Here are my results using DevStudio 2005:
Debug:
- Without block: 25.109
- With block: 19.703
Release:
- Without block: 0
- With block: 6.046
It is very important to run this from the command line, and not from DevStudio, DevStudio something affects the performance of the application.
The only way to find out what is actually happening is to look at the assembler code. Here the assembler is generated in the release: -
FindWithoutBlock: 00401000 xor eax,eax 00401002 cmp dword ptr [ecx+eax*4],0F4240h 00401009 je FindWithoutBlock+1Ah (40101Ah) 0040100B add eax,1 0040100E cmp eax,186A0h 00401013 jl FindWithoutBlock+2 (401002h) 00401015 mov eax,186A0h 0040101A ret
Note that the compiler removed the ArrLen parameter and replaced it with a constant!
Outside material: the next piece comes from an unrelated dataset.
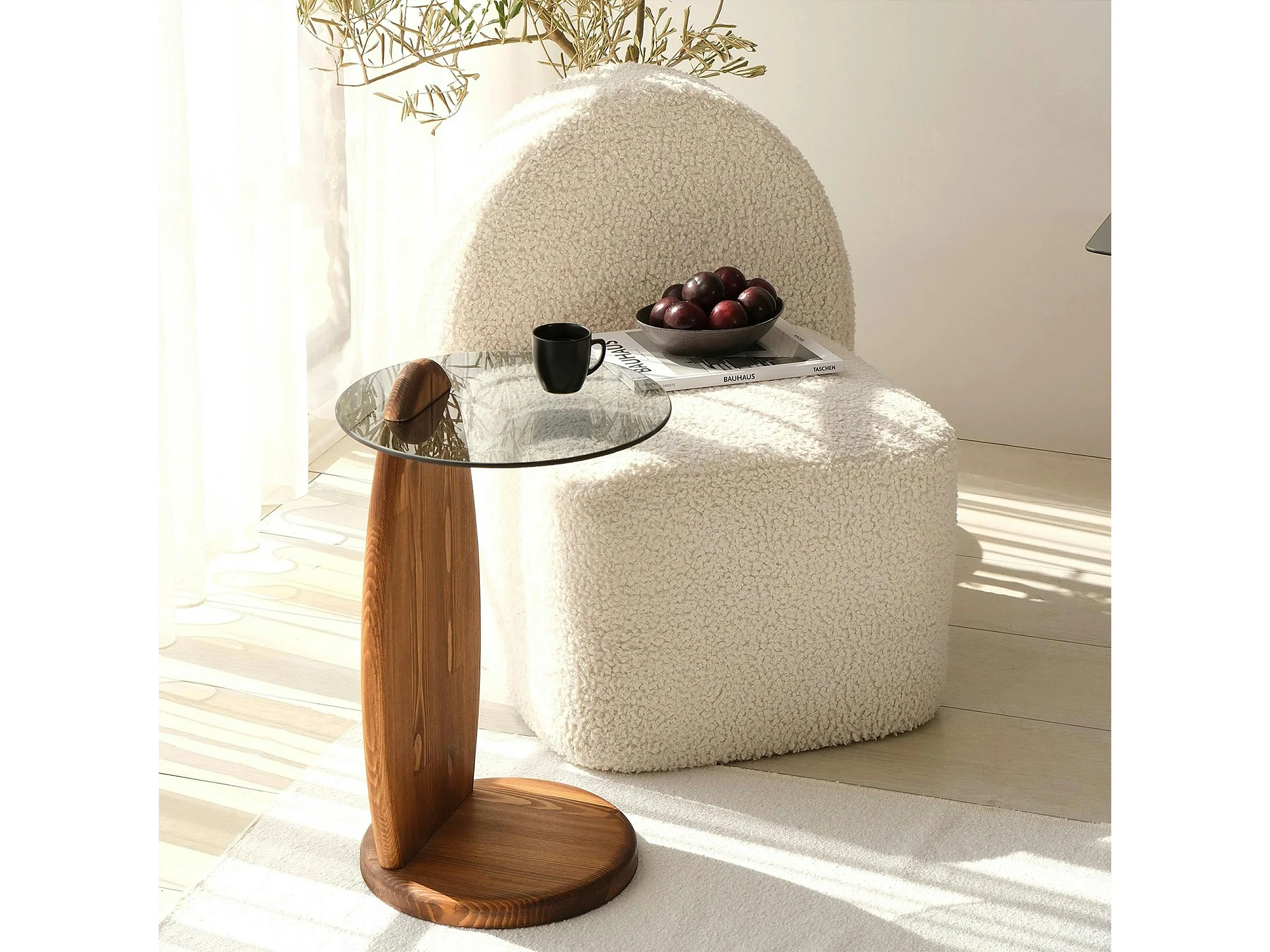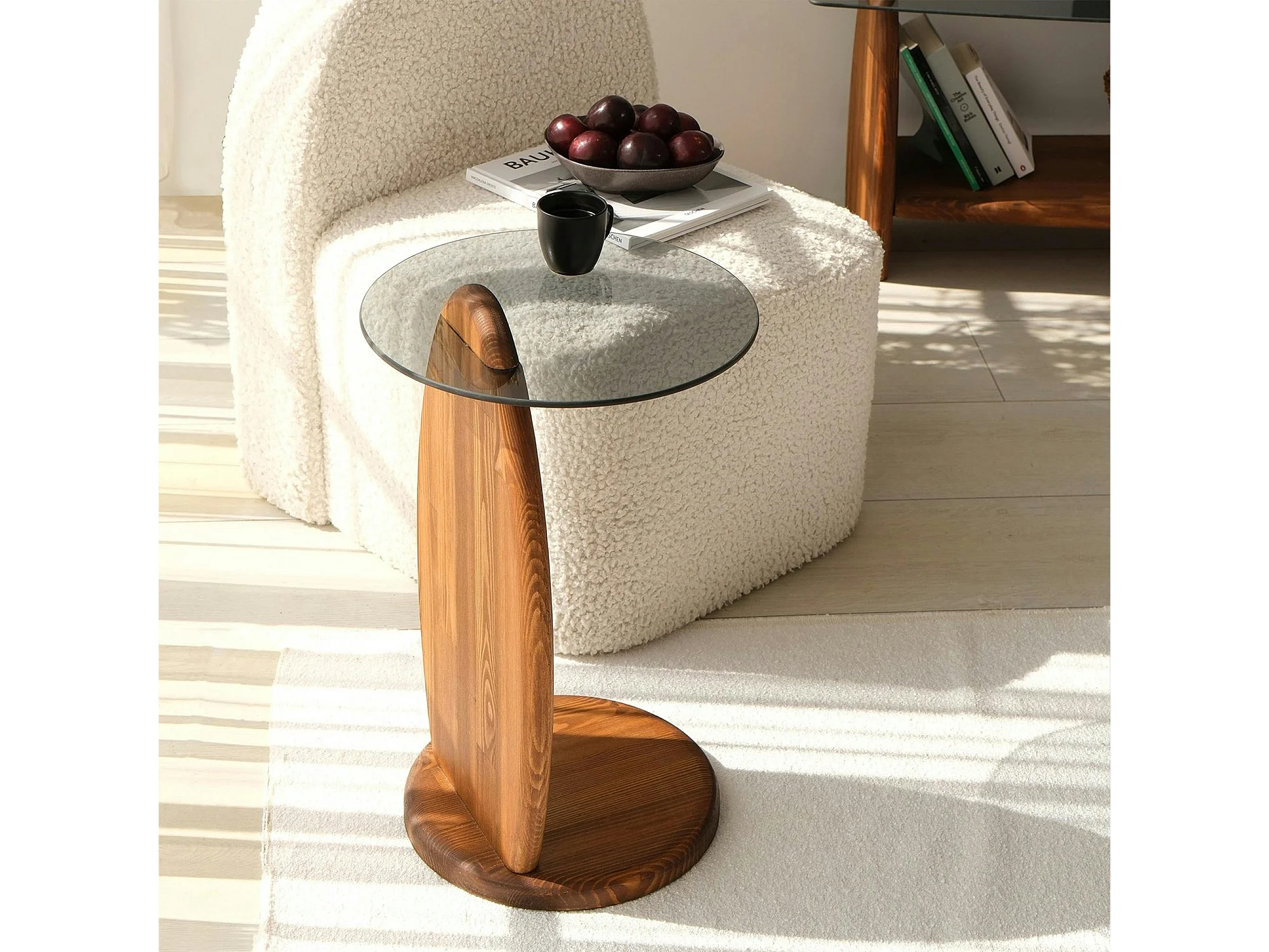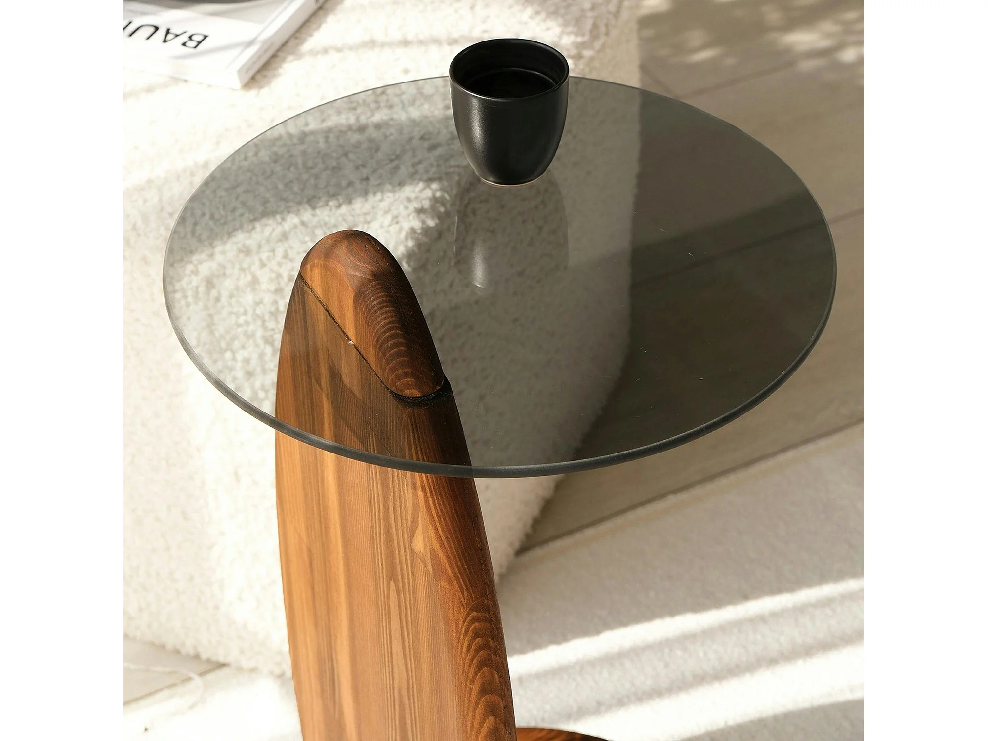 Bout de canapé bois brun et verre fumé - forme ronde ANZIO

He also saved it as a function.
Here is what the compiler did with another function (FindWithBlock): -
004010E0 mov dword ptr [esp+38h],186A0h 004010E8 mov ebx,0F4240h 004010ED mov dword ptr [esi+61A80h],ebx 004010F3 xor eax,eax 004010F5 cmp dword ptr [esi],ebx 004010F7 je main+0EFh (40110Fh) 004010F9 lea esp,[esp] 00401100 add eax,1 00401103 cmp dword ptr [esi+eax*4],ebx 00401106 jne main+0E0h (401100h) 00401108 cmp eax,186A0h 0040110D je main+0F5h (401115h) 0040110F call dword ptr [__imp__getchar (4020D0h)] 00401115 sub dword ptr [esp+38h],1 0040111A jne main+0CDh (4010EDh)
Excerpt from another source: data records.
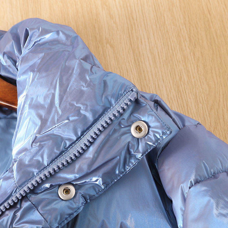 ・視線を惹きつける光沢素材仕上げ:光沢感のあるシャイニー素材が、光の当たり方によって美しく輝き、周囲と差がつくおしゃれな一着。夜間のコーデにも映える存在感。
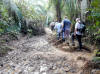 Eine anstrenge Vormittagstour erwartet uns. Dazu geht es bereits um 05.00 los, aber das ist wegen der zu erwartenden Mittagshitze notwendig. Nach einer kurzen Bootsfahrt flussabwärts erreichen wir die Zugangsstelle zum Nationalpark. Von hier führt ein etwa 3,5 km langer Trampelpfad durch den Regenwald zum Sandovalsee. Das hört sich machbar an, entwickelt sich aber dann zu einem 2-stündigen Kampf mit knöcheltiefen Schlamm, weil es vorher ausgiebig geregnet hat. Wir sind zwar alle mit wadenhohen Gummistiefeln ausgerüstet, was die Sache aber nicht weniger mühsam macht. Der Amazonasregenwald zählt zu den artenreichsten Gebieten der Erde, trotzdem müssen wir erfahren, wie schwierig es ist, diesen Reichtum an Fauna und Flora zu Gesicht zu bekommen. Nur die geschulten Augen unserer bewundernswert fachkundigen Führer ermöglichen es, verschiedene Vogel- und Affenarten in dem Baumdickicht ausfindig zu machen.
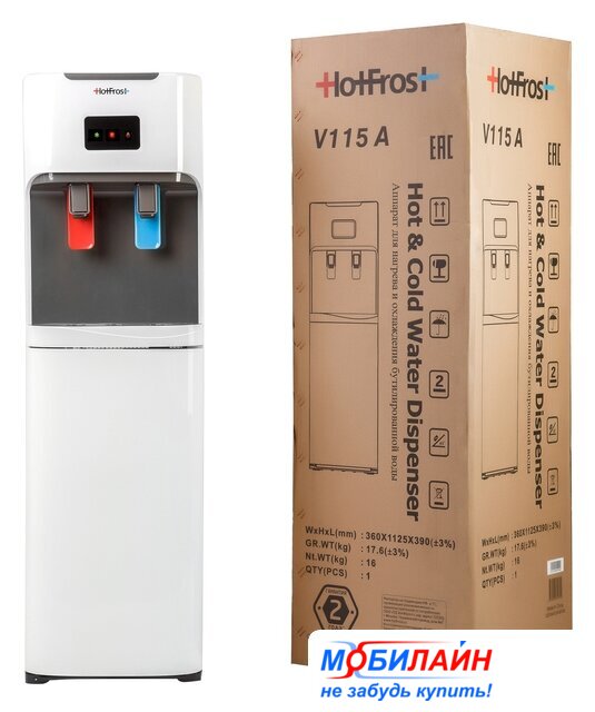 напольный, компрессорное охлаждение, нагрев, бутыль сверху, кран: нажим кружкой
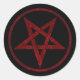 Red, inverted, textured pentagram in circle, on black background. Occult symbol. 666
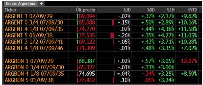 En la jornada, los bonos no muestran grandes cambios, aunque las ultimas medidas del Gobierno apuntan a bajar los riesgos de incumplimiento de la deuda en dólares y garantizar los próximos pagos.
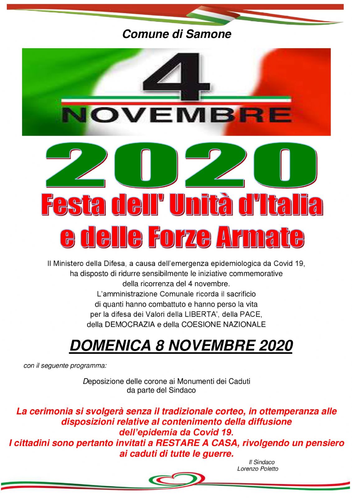 4 Novembre 2020 - Festa dell'Unità d'Italia e delle Forze Armate
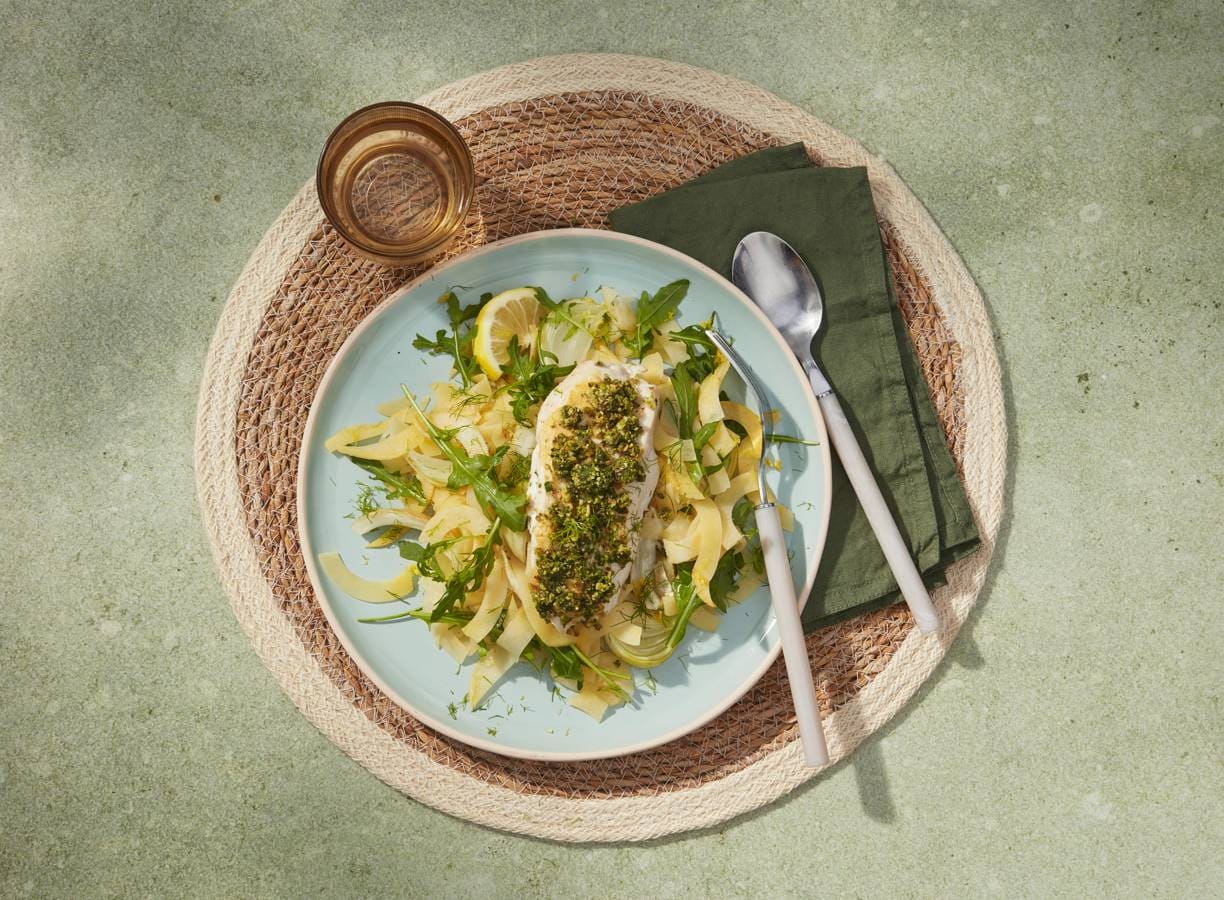 Kip met notenkorst uit de oven en koolraaptagliatelle
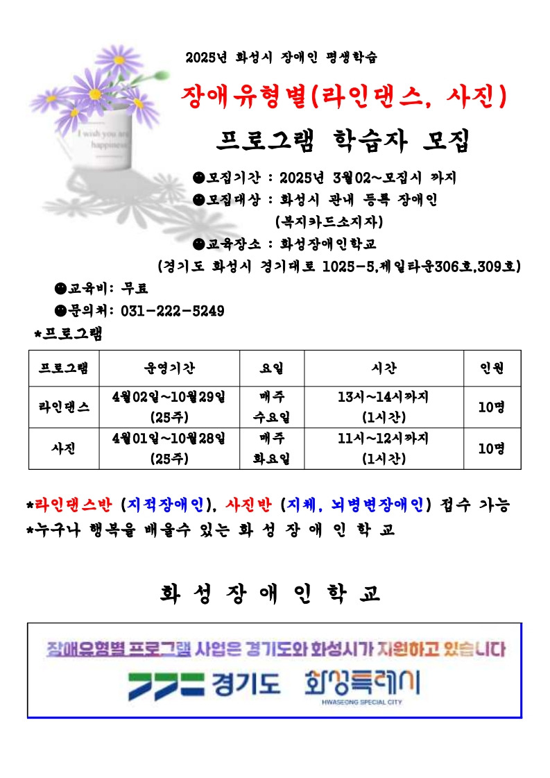 장애유형별 (라인댄스, 사진) 프로그램 학습자 모집 작성자화성장애인야학|작성시간25.05.19|조회수44 목록 댓글 0 글자크기 작게가 글자크기 크게가 학교형태의 장애인평생교육시설 화성장애인학교에서 장애유형별 (라인댄스, 사진) 프로그램 학습자를 모집합니다.장애유형별 프로그램 사업은 경기도와 화성시가 지원하고 있습니다. 다음검색 현재 게시글 추가 기능 열기 북마크 공유하기 신고 센터로 신고 댓글 댓글 0 댓글쓰기 답글쓰기 댓글 리스트
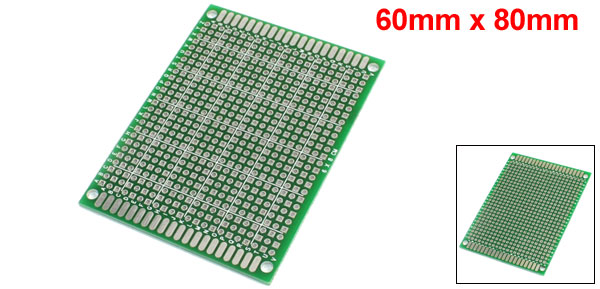 Product Name Universal PCB Board Hole Dia(Approx) 1mm / 0.039" Hole Pitch(Approx) 2.54cm / 0.1" Size(Approx) 60 x 80mm / 2.4" x 3.1"(W*L) Thickness(Approx) 1.5mm / 0.059" Material FR-4 Color Green Net Weight 14g Package Content 1 Pcs x Universal PCB Board - Reviews

Here the function has been inserted. lea esp,[esp] - Only 7 bytes to align the next command. The code checks index 0 separately for all other indexes, but the main loop is more definite than the version of FindWithoutBlock.
Hmmm. Here is the code that calls FindWithoutBlock: -
0040106F mov ecx,edi 00401071 mov ebx,eax 00401073 call FindWithoutBlock (401000h) 00401078 mov ebp,eax 0040107A mov edi,186A0h 0040107F cmp ebp,186A0h 00401085 je main+6Dh (40108Dh) 00401087 call dword ptr [__imp__getchar (4020D0h)] 0040108D sub edi,1 00401090 jne main+5Fh (40107Fh)
Yeah! The FindWitoutBlock function is called only once! The compiler noticed that the function will return the same value each time and optimized it for one call. In FindWithBlock, the compiler cannot make the same assumption because you are writing an array before the search, so the array is (potentially) different for each call.
To verify this, add the volatile keyword as follows: -
int FindWithoutBlock(volatile int * Arr, int ArrLen, int Val) { for ( int i = 0; i < ArrLen; i++ ) if ( Arr[i] == Val ) return i; return ArrLen; } int FindWithBlock(volatile int * Arr, int LastCellIndex, int Val) { Arr[LastCellIndex] = Val; int i; for ( i = 0 ; Arr[i] != Val; i++ ); return i; }
At the same time, both versions work at the same time (6.040). Observing that memory access is the main bottleneck, more complex FindWithoutBlock tests do not affect overall speed.